Fast Model-guided Instance-wise Adaptation Framework for Real-world Pansharpening with Fidelity Constraints

arXiv cs.CV / 4/13/2026

💬 OpinionSignals & Early TrendsIdeas & Deep AnalysisModels & Research

Key Points

  • FMG-Pan (FMG-Pan) is proposed as a fast, generalizable model-guided instance-wise adaptation framework for real-world pansharpening that targets poor cross-distribution generalization seen in many DL approaches.
  • The method uses a pretrained model to guide a lightweight adaptive network, jointly optimizing with spectral and physical fidelity constraints to preserve both spectral and spatial information.
  • A novel physical fidelity term is introduced to improve spatial detail preservation, addressing limitations of prior zero-shot methods that often produce weaker fusion quality.
  • Experiments on real-world datasets (intra- and cross-sensor) report state-of-the-art performance, including a reported WorldView-3 runtime of training+inference for 512x512x8 within ~3 seconds on an RTX 3090.
  • By combining rapid convergence/inference with cross-sensor generality, FMG-Pan is positioned as more suitable for practical deployment than existing zero-shot pansharpening methods with higher overhead.

Abstract

Pansharpening aims to generate high-resolution multispectral (HRMS) images by fusing low-resolution multispectral (LRMS) and high-resolution panchromatic (PAN) images while preserving both spectral and spatial information.
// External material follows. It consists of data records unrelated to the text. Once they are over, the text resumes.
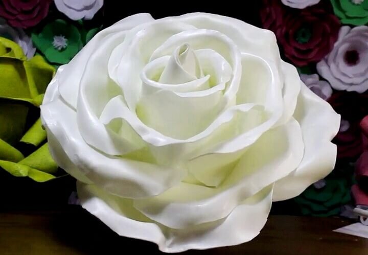 Посмотрите видео, в котором автор подробно рассказывает, как сделать цветок из изолона своими руками. Получилась огромная роза. Вы можете украсить ей садовый участок. Если вы как раз затеяли на даче ремонт, приберегите немного изолона, чтобы сделать этот роскошный цветок.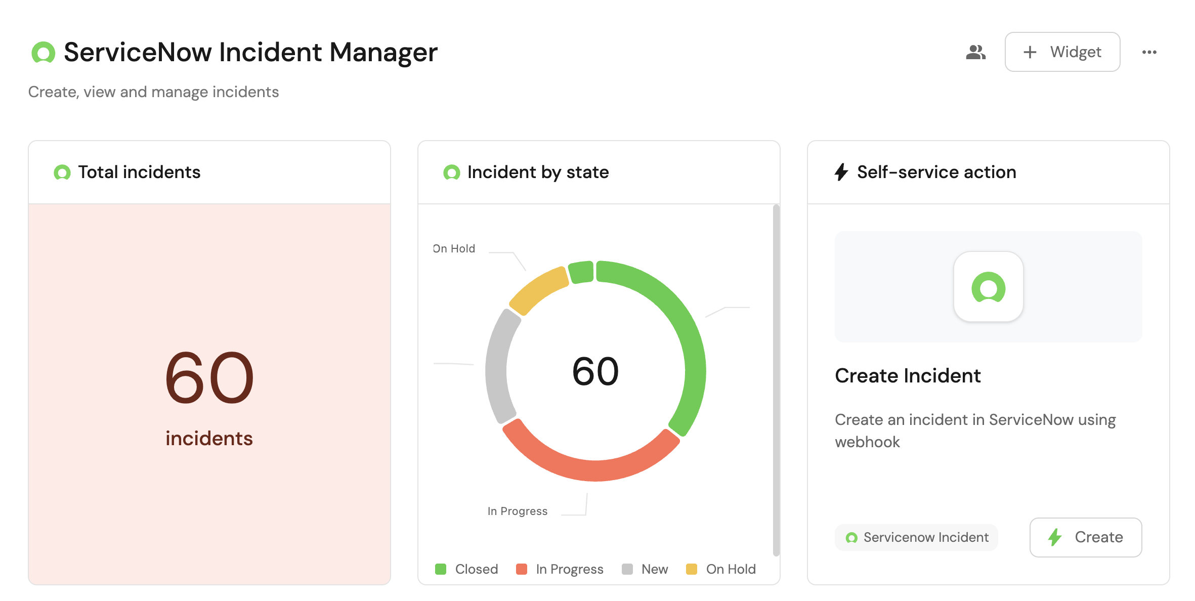 - Monitor the status and health of all ServiceNow incidents from a centralized dashboard.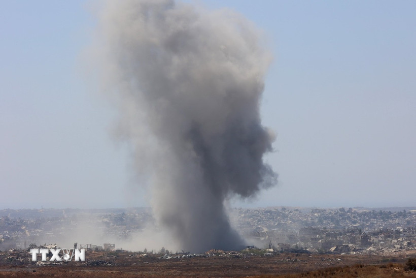 Khói bốc lên sau loạt không kích của Israel xuống Dải Gaza. (Nguồn: THX/TTXVN)

Although deep learning (DL)-based pansharpening methods achieve impressive performance, they require high training cost and large datasets, and often degrade when the test distribution differs from training, limiting generalization. Recent zero-shot methods, trained on a single PAN/LRMS pair, offer strong generalization but suffer from limited fusion quality, high computational overhead, and slow convergence. To address these issues, we propose FMG-Pan, a fast and generalizable model-guided instance-wise adaptation framework for real-world pansharpening, achieving both cross-sensor generality and rapid training-inference. The framework leverages a pretrained model to guide a lightweight adaptive network through joint optimization with spectral and physical fidelity constraints. We further design a novel physical fidelity term to enhance spatial detail preservation. Extensive experiments on real-world datasets under both intra- and cross-sensor settings demonstrate state-of-the-art performance. On the WorldView-3 dataset, FMG-Pan completes training and inference for a 512x512x8 image within 3 seconds on an RTX 3090 GPU, significantly faster than existing zero-shot methods, making it suitable for practical deployment.